Take the listing from its first line through the line that contains "We had company" and please retype those lines exactly, leaving out the pictures.

══ GIVEN DATA ══

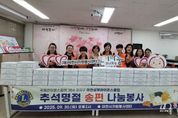 [경기뉴스원/경기뉴스1] | 이천시 자원봉사센터는 지난 9월 30일 이천설봉라이온스클럽과 함께 사랑의 송편 나눔 행사를 개최하며 ‘2025년 추석맞이 집중 자원봉사 주간’에 동참했다. 설봉라이온스클럽은 매년 추석 명절을 즈음하여 송편 나눔 활동을 진행하고 있으며 이번 나눔은 이천시재가노인복지센터에서 돌보고 있는 어르신 50가구에 송편이 담긴 따뜻한 꾸러미를 준비해 전달하며 명절의 온정을 나눴다. 유미영 회장은 “어르신들의 추석 명절이 행복하길 바라는 마음으로, 작지만 정성을 다해 송편을 준비하여 전달했다”라며 “앞으로도 우리 회원들은 지역사회와 함께하는 봉사 및 나눔 활동을 꾸준하게 이어갈 계획”이라고 밝혔다. 이미선 센터장은 “따뜻한 정을 나눠주신 이천설봉라이온스클럽 회원들께 감사드린다”라며 “시민이 공감하는 ‘온기나눔’을 통해 더 많은 이웃이 따뜻한 명절을 보내길 바란다”라고 전했다.
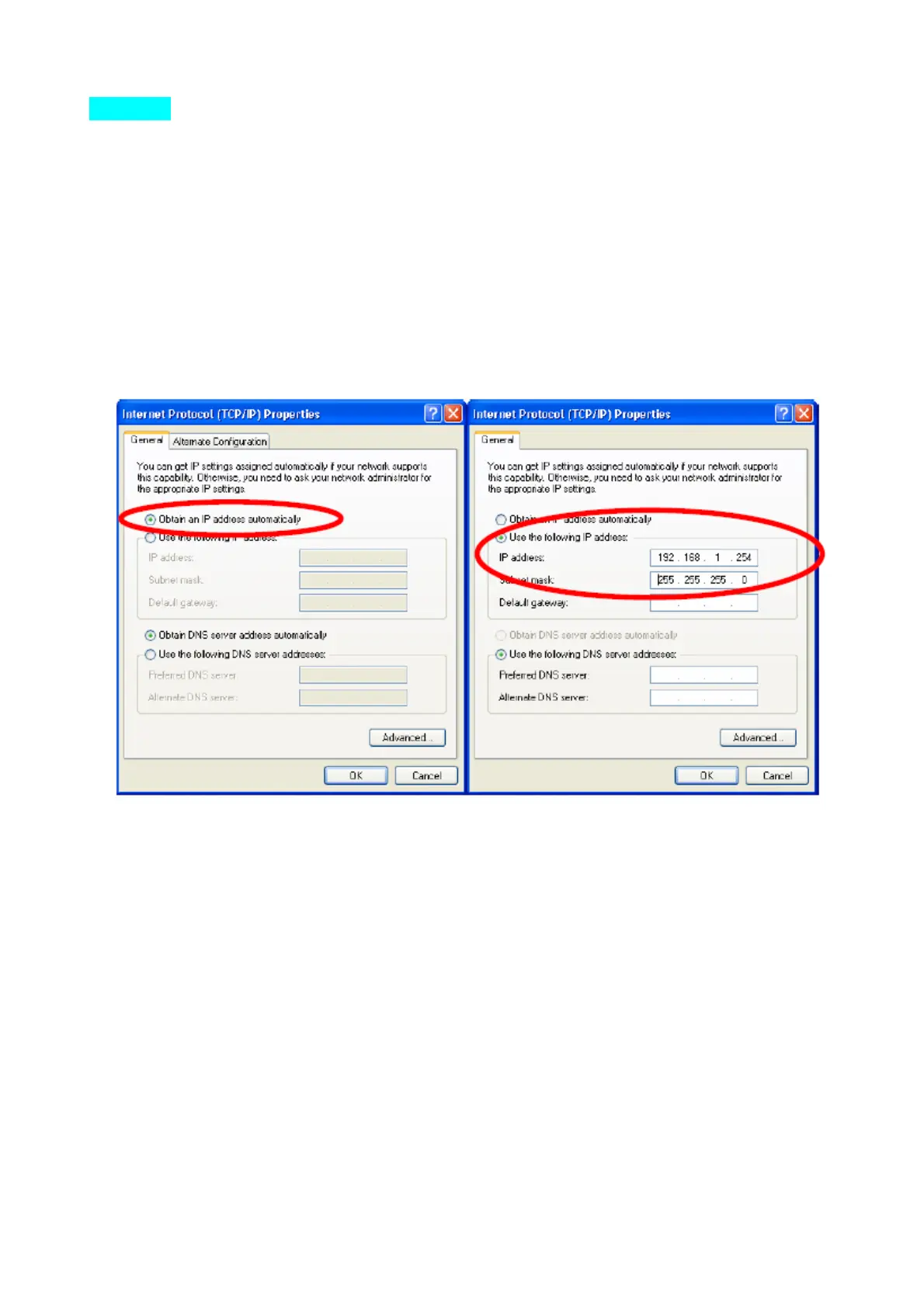 empty field; for example, enter 192.168.1.254 in the IP address field, and 255.255.255.0 for the Subnet Mask.
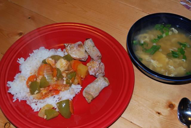 We had company Saturday night. I had originally planned homemade pizzas, but one of our guests just had her wisdom teeth taken out, so I made Chinese so she could have soup. This was sweet and sour chicken, tiny egg rolls and crab rangoon, and egg drop soup.
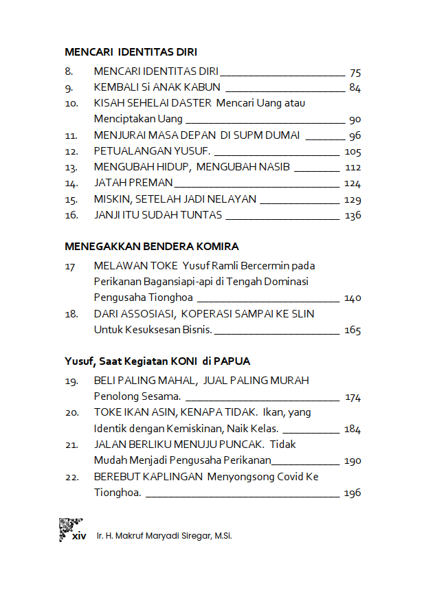 Itulah pegangan hidup bagi Yusuf Ramli, yang disapa Yusuf. Dia terinspirasi dengan Sungai Kampar, yang mengalir pelan tapi pasti di depan rumahnya, sebagai sumber kedamaian, perubahan, dan keberlanjutan kehidupan. Tidak ada masalah (kusuik) yang takkan selesai, tetaplah sabar menanti, air keruh (kowuo) itu akan jernih juga pada masanya. Oleh karenanya janganlah kita angkuh (mendongak), yang nanti bisa membuat kita tersungkur ke bumi. Begitu prinsip Yusuf Ramli, Direktur Utama PT Satya Trinadi Komira Perkasa, wirausahawan yang cukup dikenal di dunia perikanan tangkap, dan pengolahan ikan. Yusuf Ramli kelahiran Kampar-Riau, 15 Juni 1970 telah mengabdikan dirinya pada sektor perikanan. Pengabdian itu, bermula atas pilihan bersekolah di Sekolah Usaha Perikanan Menengah (SUPM) Dumai-Riau, dan lulus pada tahun 1989. Selanjutnya, Yusuf Ramli melanjutkan pendidikan di Akademi Usaha Perikanan (AUP) Jakarta, dan lulus pada tahun 1991. Beragam cobaan silih berganti mendera, membuat dia harus terus berjuang untuk melanggengkan bisnis perusahaannya di samping harus terus berupaya merengkuh peluang-peluang kejayaan melalui berbagai organisasi sosial, dan assosiasi bisnis yang menopang kegiatannya. Dia tidak pernah menyesali apa yang sudah terjadi dalam hidupnya. Karena tanpa kisah itu, Yusuf tidak akan mengenal apa arti dari sebuah kekuatan, kesabaran dan keikhlasan. Yusuf, juga tidak membiarkan kebencian merusak hatinya. “Maafkan, tapi jangan lupakan pelajarannya”

═══

▸ ANSWER BELOW:
 [경기뉴스원/경기뉴스1] | 이천시 자원봉사센터는 지난 9월 30일 이천설봉라이온스클럽과 함께 사랑의 송편 나눔 행사를 개최하며 ‘2025년 추석맞이 집중 자원봉사 주간’에 동참했다. 설봉라이온스클럽은 매년 추석 명절을 즈음하여 송편 나눔 활동을 진행하고 있으며 이번 나눔은 이천시재가노인복지센터에서 돌보고 있는 어르신 50가구에 송편이 담긴 따뜻한 꾸러미를 준비해 전달하며 명절의 온정을 나눴다. 유미영 회장은 “어르신들의 추석 명절이 행복하길 바라는 마음으로, 작지만 정성을 다해 송편을 준비하여 전달했다”라며 “앞으로도 우리 회원들은 지역사회와 함께하는 봉사 및 나눔 활동을 꾸준하게 이어갈 계획”이라고 밝혔다. 이미선 센터장은 “따뜻한 정을 나눠주신 이천설봉라이온스클럽 회원들께 감사드린다”라며 “시민이 공감하는 ‘온기나눔’을 통해 더 많은 이웃이 따뜻한 명절을 보내길 바란다”라고 전했다.
 empty field; for example, enter 192.168.1.254 in the IP address field, and 255.255.255.0 for the Subnet Mask.
 We had company Saturday night. I had originally planned homemade pizzas, but one of our guests just had her wisdom teeth taken out, so I made Chinese so she could have soup. This was sweet and sour chicken, tiny egg rolls and crab rangoon, and egg drop soup.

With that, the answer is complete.